• Records provided:
================================

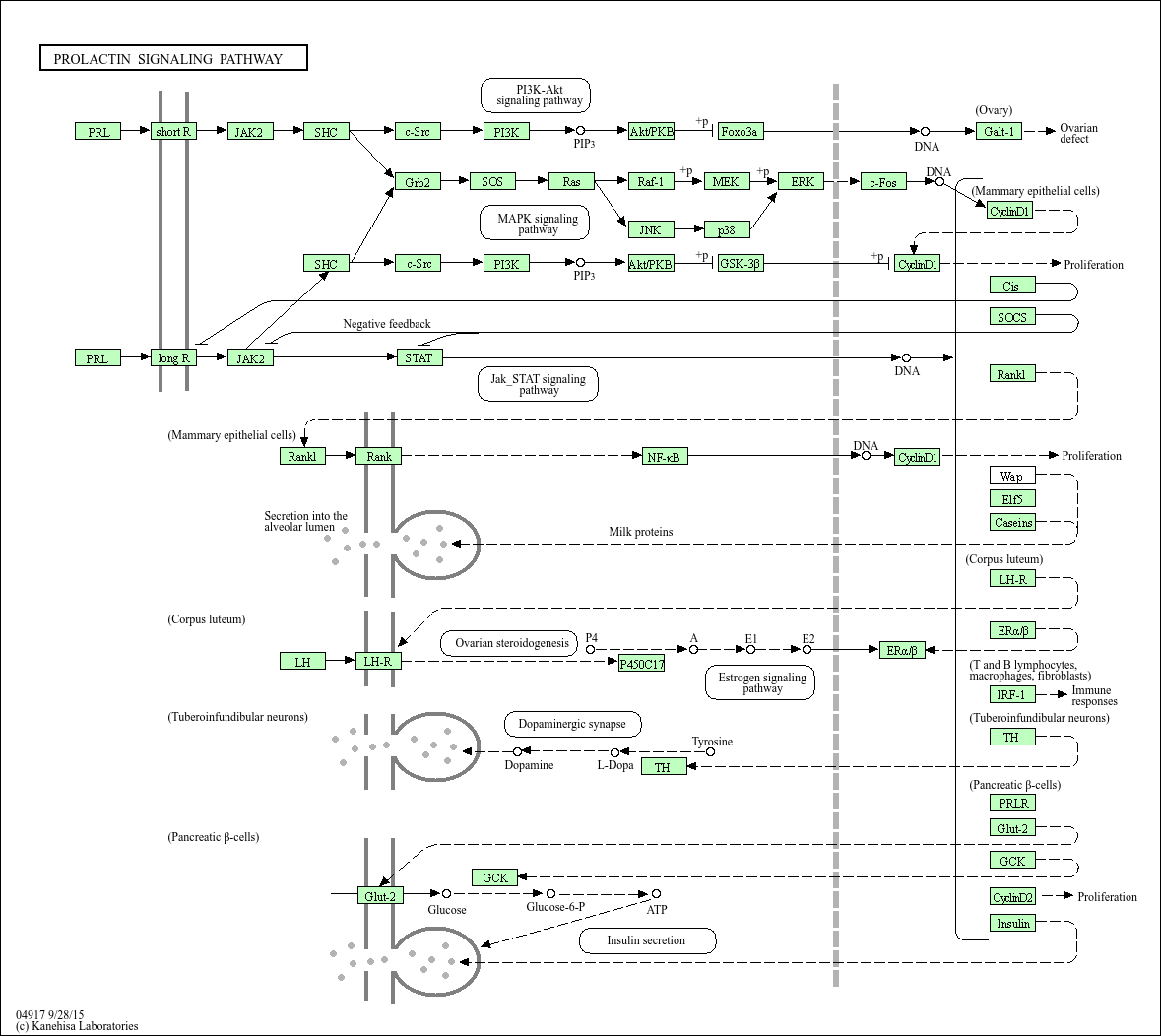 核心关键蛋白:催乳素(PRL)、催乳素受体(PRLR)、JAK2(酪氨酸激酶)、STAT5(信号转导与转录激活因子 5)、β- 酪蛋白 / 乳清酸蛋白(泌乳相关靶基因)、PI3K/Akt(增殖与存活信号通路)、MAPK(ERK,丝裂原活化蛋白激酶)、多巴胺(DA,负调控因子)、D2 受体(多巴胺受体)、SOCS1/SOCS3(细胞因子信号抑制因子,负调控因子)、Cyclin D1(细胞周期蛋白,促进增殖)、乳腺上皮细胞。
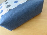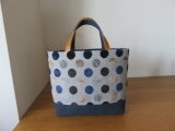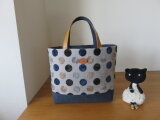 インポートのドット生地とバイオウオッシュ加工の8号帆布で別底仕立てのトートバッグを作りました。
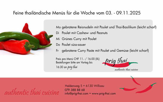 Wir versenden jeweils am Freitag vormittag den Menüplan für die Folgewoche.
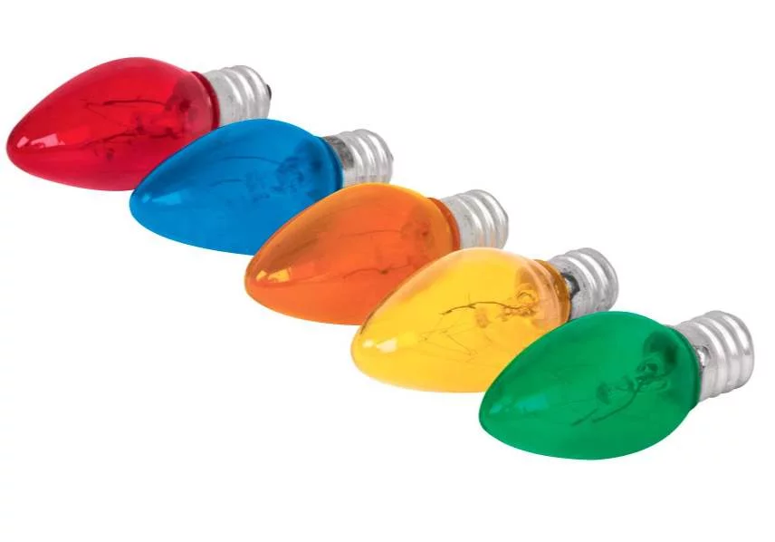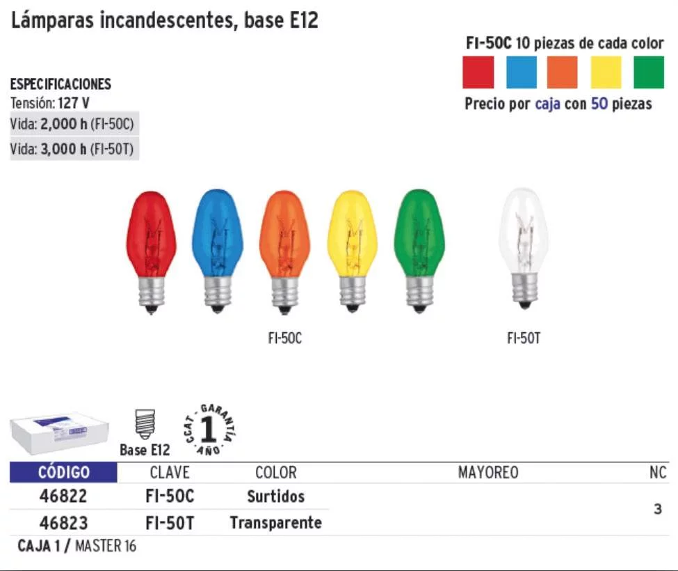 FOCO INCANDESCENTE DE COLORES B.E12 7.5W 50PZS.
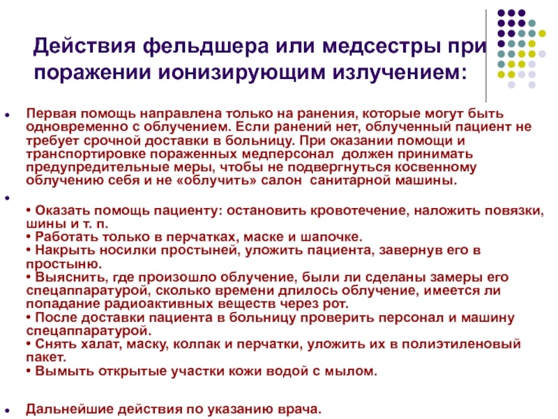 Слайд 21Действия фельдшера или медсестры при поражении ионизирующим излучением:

================================

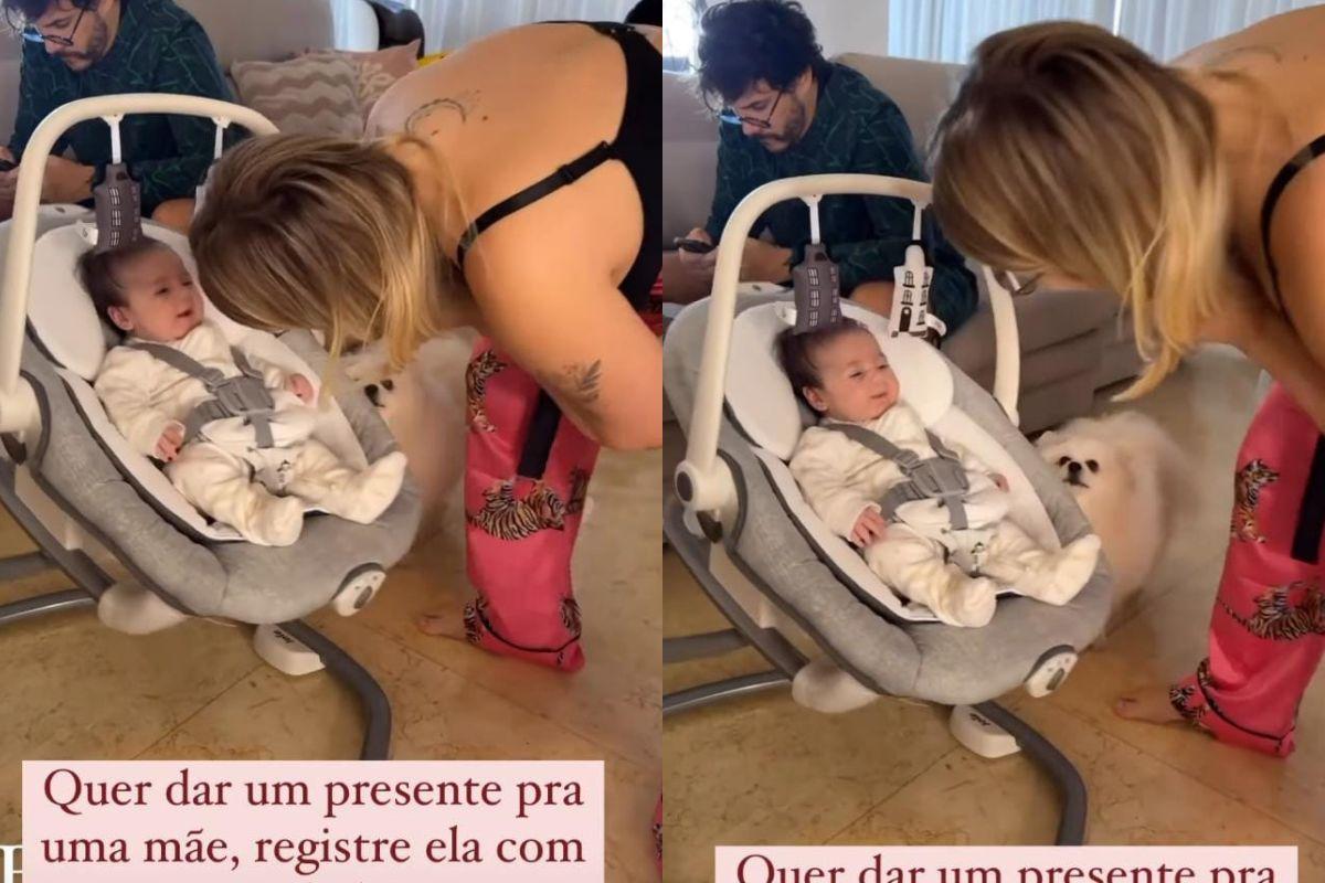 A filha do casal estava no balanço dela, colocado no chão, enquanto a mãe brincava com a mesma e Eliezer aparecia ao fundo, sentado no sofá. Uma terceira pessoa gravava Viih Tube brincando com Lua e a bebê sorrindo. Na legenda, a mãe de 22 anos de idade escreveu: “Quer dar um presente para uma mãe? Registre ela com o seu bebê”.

================================

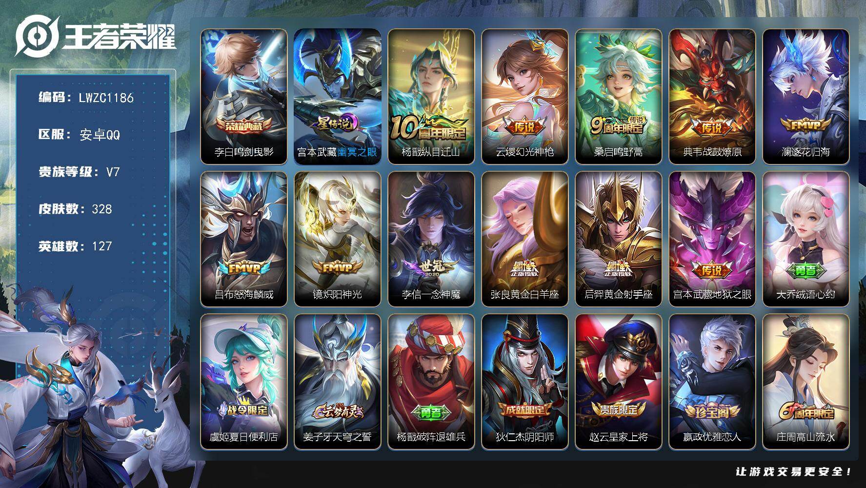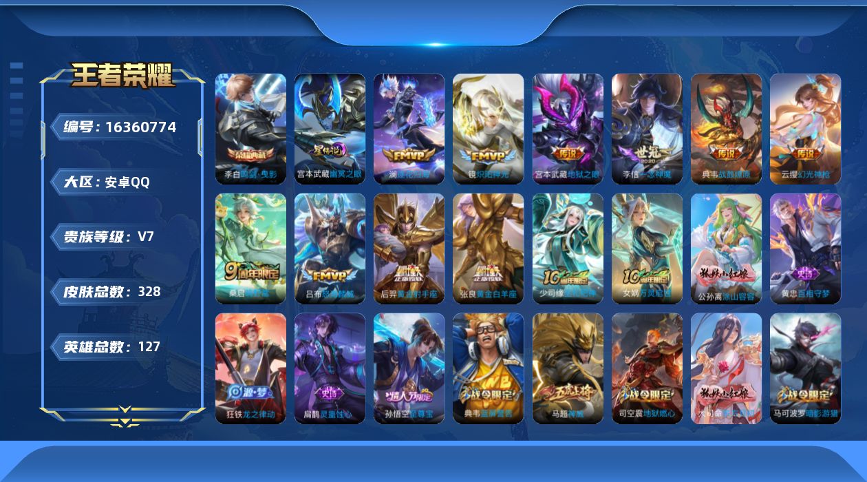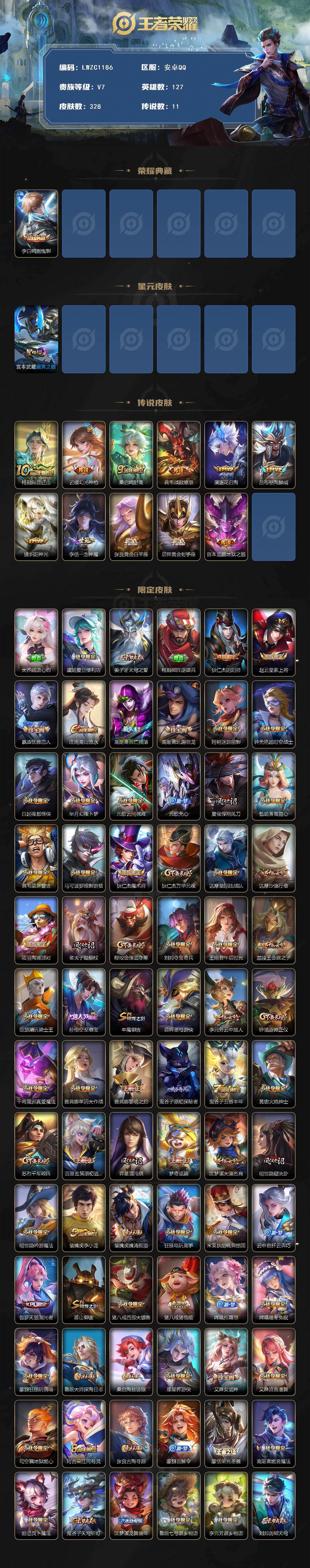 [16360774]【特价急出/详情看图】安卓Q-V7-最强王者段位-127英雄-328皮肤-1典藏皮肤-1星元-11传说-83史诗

================================

• Requirement: Only one part of the listing is wanted: the lines from the one containing "Wir versenden jeweils" through the one containing "Слайд 21Действия фельдшера", both included. Please transcribe it exactly, leaving out the pictures.

• Solved exercise:
 Wir versenden jeweils am Freitag vormittag den Menüplan für die Folgewoche.
 FOCO INCANDESCENTE DE COLORES B.E12 7.5W 50PZS.
 Слайд 21Действия фельдшера или медсестры при поражении ионизирующим излучением:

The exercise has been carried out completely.